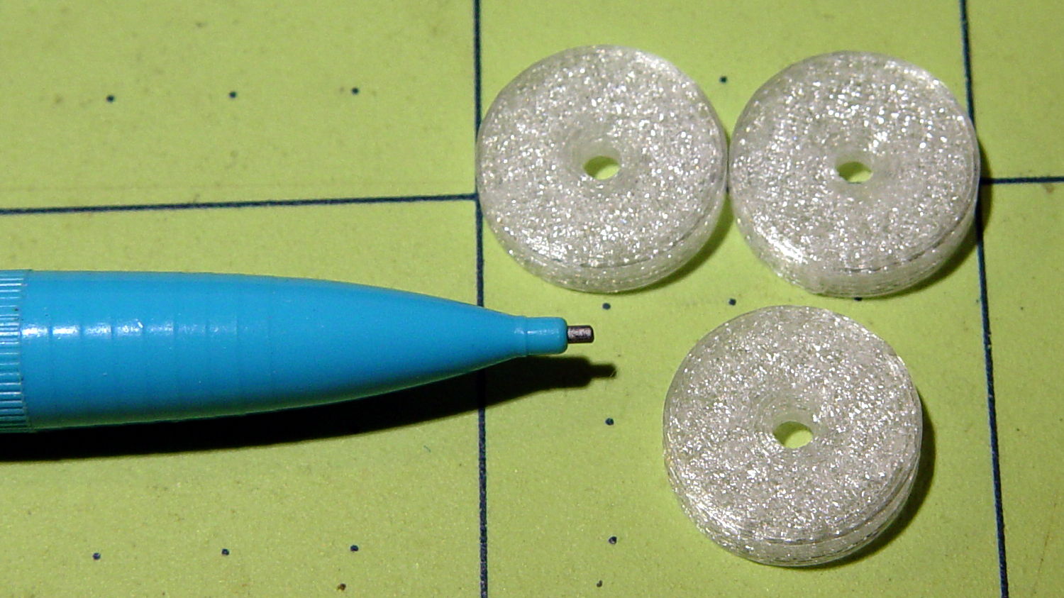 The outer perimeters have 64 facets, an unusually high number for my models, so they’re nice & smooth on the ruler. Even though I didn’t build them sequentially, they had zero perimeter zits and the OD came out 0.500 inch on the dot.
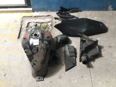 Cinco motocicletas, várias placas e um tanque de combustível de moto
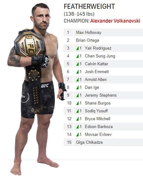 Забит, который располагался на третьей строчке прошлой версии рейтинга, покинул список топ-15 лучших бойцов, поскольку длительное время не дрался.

◆ What is expected
The expected output is exactly the lines from the one containing "Cinco motocicletas, várias" through the last line of the listing, both included, with every picture left out.

◆ Result of this exercise
 Cinco motocicletas, várias placas e um tanque de combustível de moto
 Забит, который располагался на третьей строчке прошлой версии рейтинга, покинул список топ-15 лучших бойцов, поскольку длительное время не дрался.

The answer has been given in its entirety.